Dr. Michael Cordonnier, of http://www.soybeansandcorn.com, left his U.S. yield estimate unchanged for both corn and soybeans. His soybean yield is projected at 50 bushels per acre, right in line with USDA’s current estimate. His corn yield is at 175.5 bushels per acre, which is slightly higher than USDA’s 174.6 bushels per acre estimate.
Wheat struggled this week from expectations for an increase in U.S. winter wheat acres this fall. As of the Aug. 24 close, the base insurance price for winter wheat is at $7.13 versus $4.90 last year. This will attract winter wheat acres. Spring wheat is going to have to attract acres as the market attempts to build stocks back up as well. But that rally likely won’t come until spring. For spring wheat, the harvest price is estimated at $9.21 versus the base price of $6.53. The official harvest price will be released at the beginning of September.

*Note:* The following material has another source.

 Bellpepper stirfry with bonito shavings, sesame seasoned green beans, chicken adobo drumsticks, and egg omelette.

Weather will continue to play a role in market direction. As of Aug. 24, the next seven to 10 day forecast has slightly below average temps for the Northern Plains. To top that off, rain is starting to become a little more frequent as there are three more chances this week. The six to 10 day forecast is showing below normal temps for North Dakota but above to much above normal temps for the rest of the major growing regions of the U.S. Precip is expected to be above to much above normal.

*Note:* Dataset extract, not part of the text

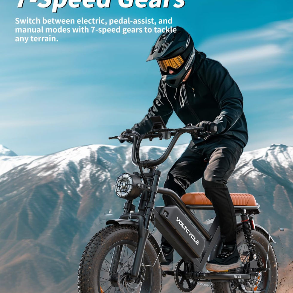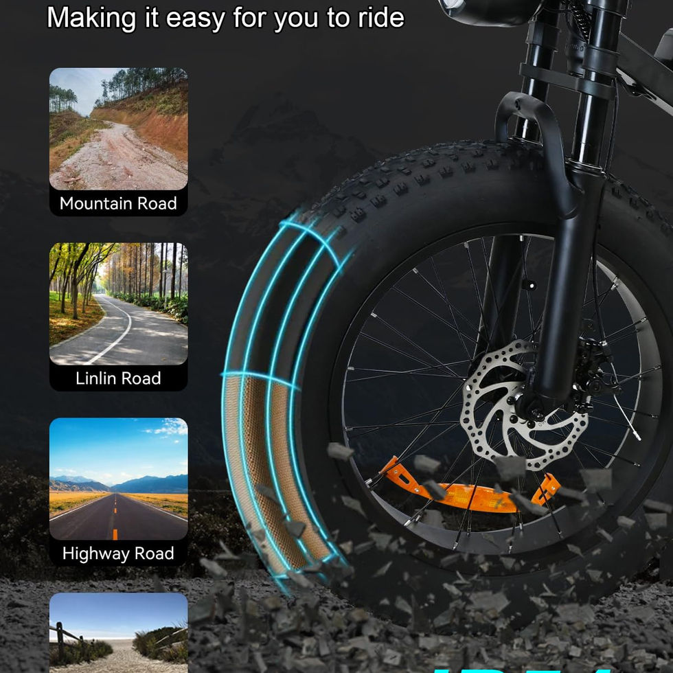 ✅Powerful 1000W Brushless Motor: Experience unmatched power with the Fat Tire Electric Bike. Featuring a high-speed 750W motor with a peak of 1000W, it reaches speeds up to 28MPH. Whether climbing hills or navigating rugged terrains, this motor delivers the strength and reliability to tackle any adventure with ease. ✅Impressive Long Range & Removable Battery: Equipped with a 48V 18.4Ah lithium-ion battery, this electric bike provides an impressive range of 40-60 miles in pedal-assist mode and up to 40 miles in full electric mode, depending on terrain and rider conditions. The removable and lockable battery ensures convenient charging at home or the office and charges in just 7-8 hours. ✅ Versatile Riding Modes & 7-Speed Gear System: Enjoy three customizable riding modes: Pure Electric, Pedal Assist, and Normal Biking. Coupled with a 7-speed gear system, you can easily shift for different riding conditions—whether cruising through the city, taking on mountain trails, or enjoying a beachside ride. The perfect ebike for every adventure. ✅Comfortable & Spacious Seat for Two: Designed with an extra-long seat, this electric bicycle comfortably accommodates two riders, making it perfect for family or partner rides. The durable aluminum bracket supports up to 330lbs, ensuring stability and safety for both passengers and riders. ✅LCD Display & Enhanced Safety Features: Stay informed with the digital LCD display showing real-time speed, battery level, riding mode etc. Equipped with dual front suspension for a smooth ride, a high-brightness front light, and a rear reflector, this electric bicycle for adults ensures a safe, enjoyable experience both day and night.

Stats Canada’s next report will be out on Aug. 30. The average trade estimates for Canada’s 2021 production are: All Wheat: 22.6 million metric tons versus 35.2 million metric tons last year and versus USDA’s 24 million metric ton estimate. Hard red spring wheat production is estimated at 15.9 million metric tons versus 25.8 million metric tons last year. Durum production is estimated at 4.1 million metric tons versus 6.6 million metric tons last year. Canola production is estimated at 14.1 million metric tons versus 18.7 million metric tons last year and versus USDA’s 16 million metric tons. Canola production of 14.1 million metric tons, if realized, would be a nine-year low.
Cattle were able to gap higher at the start of trading the last week of August with most of the support coming from a friendly August Cattle on Feed report. The report showed lower cattle in feedlots than expected and the lowest number on feed in four years. July’s Cold Storage report was also friendly. At the end of July there was 401.3 million pounds of beef in freezers, 9% less than last year and 12% lower than the five-year average. Reports have fourth quarter beef production dropping 1% from last year and at a three-year low. To add to the friendliness, slaughter weights continue to decline with steer weights 10 pounds lower than last year and heifers slaughter weights running 15 pounds lower than last year. Technically the bull run in the cattle market that started the end of October 2020 and is still going. But it might be starting to mature.
A record setting session in the S&P 500 and Nasdaq will continue to pull money out of the grains. The one concern traders have is the Jackson Hole meeting. The Federal Reserve is holding their Jackson Hole meeting virtually and traders are sitting on the edge of their seats to see what the Federal Reserve says about the quantitative easing program.